Last year at this time, I talked to you about the constitutionality of Christian nativity scenes under the Establishment Clause of the First Amendment of the United States Constitution. I told you how the rule evolved over time to allow nativity displays in public places, but only if they are deemed to serve secular purposes such as celebrating a holiday or depicting the origins of that holiday. The displays that have passed constitutional muster in recent years have all included non-Christian symbols, like plastic reindeer, leading some to derisively call the current state of the law on this subject the ‘reindeer rule’. I showed you how, through the wizardry of Supreme Court jurisprudence, the Establishment Clause – which, on its face, has nothing to do with passive religious displays – is now the ‘endorsement clause’ – Congress shall make no law constituting an endorsement of religion, or appearing to favor one religion over another. Originally, the Establishment Clause was addressed to situations, like in my own state of Virginia, where the government in colonial times had ordered everyone to attend a particular church and had even paid the ministers. That’s the establishment of a state religion, no question about it.

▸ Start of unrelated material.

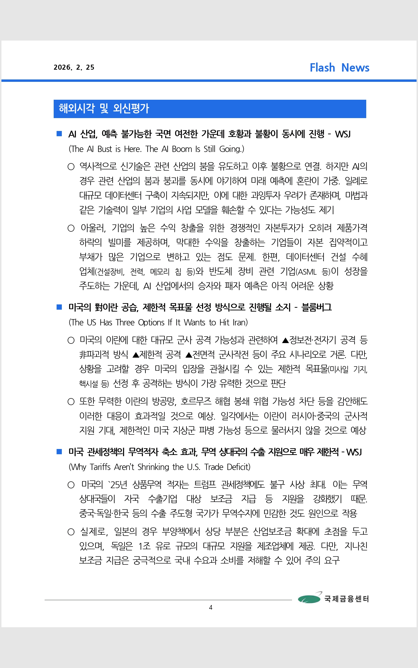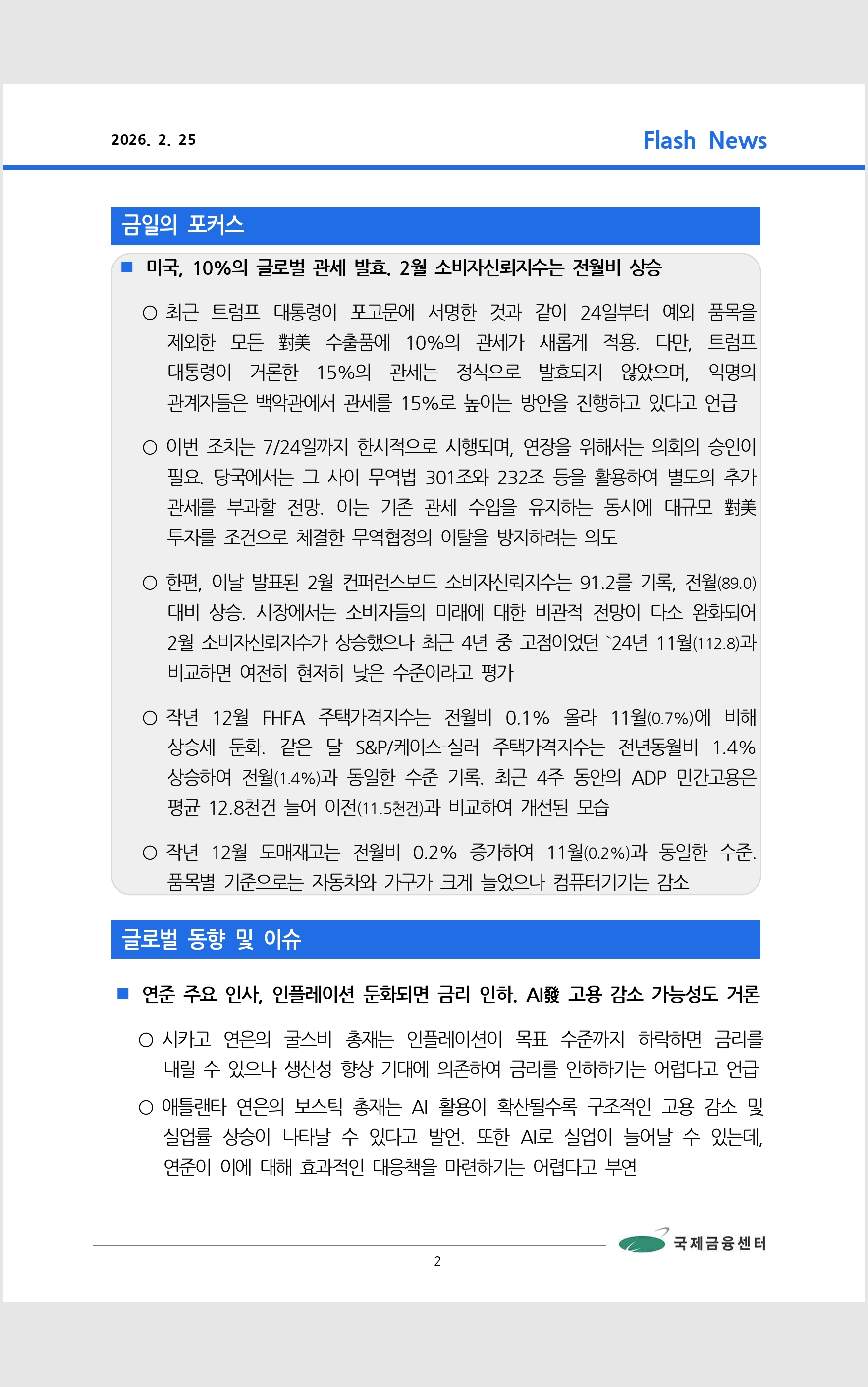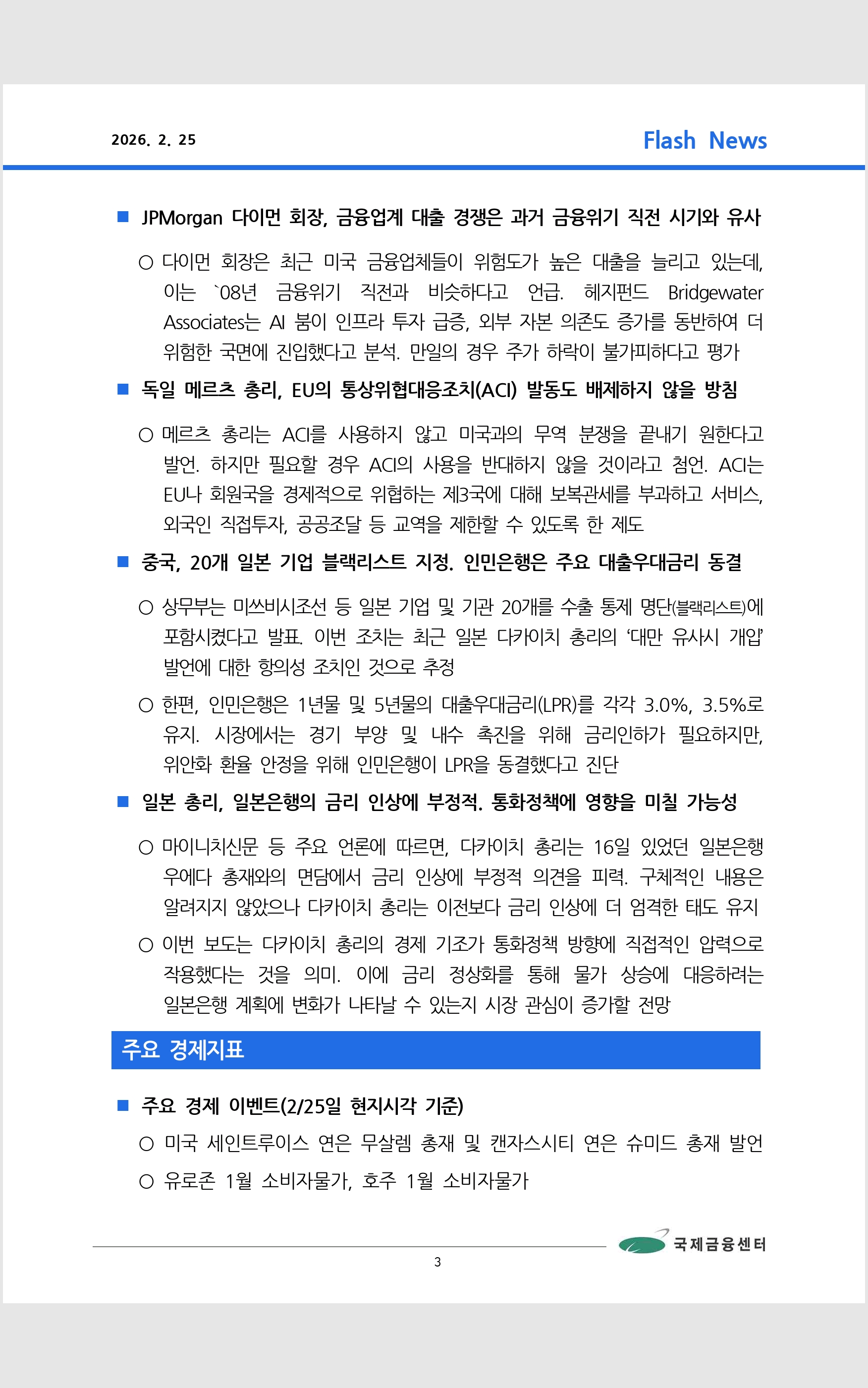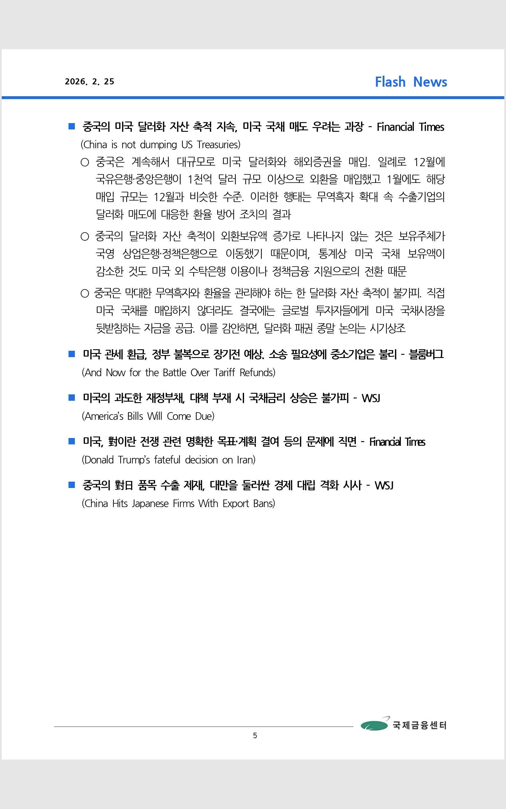 데일리 브리핑 ('26.2.25 국제금융센터)
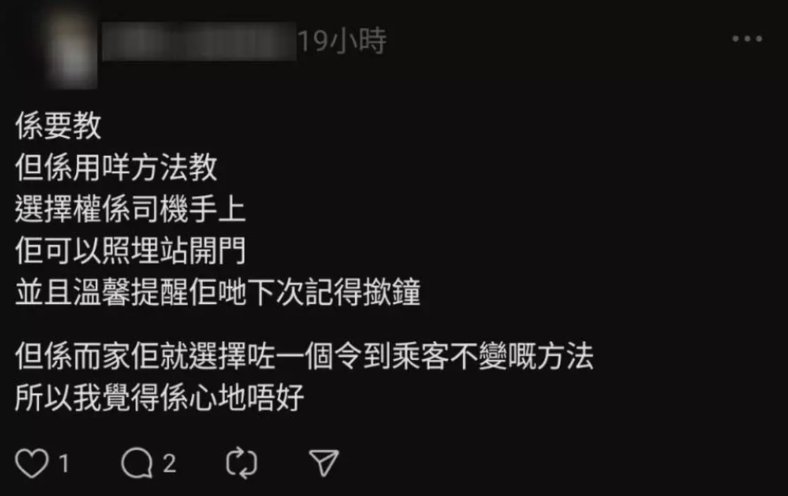 有網民就指出乘客只要做多一步,都可以避免同類情況,「其實有其他人撳既(嘅)話,車門頂、車頭都會著紅燈,望多一眼都難?」另有人指出,乘客忘記按鐘與「以為有人撳於是自己唔撳」是兩回事,坦言「停畀你係人情,唔好係(喺)度情(緒)勒(索)」。

But now that Pandora’s Box has been opened – can I say that without endorsing Greek mythology? - the issue will probably never go away. Three current situations show how the battle continues. In the first, a 4-foot Satanic statue is now on display in the Illinois state capital building alongside a nativity scene. The Satanic Temple of Chicago – which says it’s merely a benevolent association – applied to display the statue and the Illinois state government decided the group has the same rights as any other religious organization, so its display could not be censored. The Satanic Temple says it does not actually worship Satan; it’s just a group of atheists, humanists, and free speech activists. So how is that a religion? The Supreme Court has never really defined ‘religion’ beyond saying it must be a set of sincerely held beliefs, no Deity required. [Chemerinsky, Constitutional Law: Principles and Policies (4th ed. at 1231-34]. Atheism and humanism certainly qualify under that loose definition.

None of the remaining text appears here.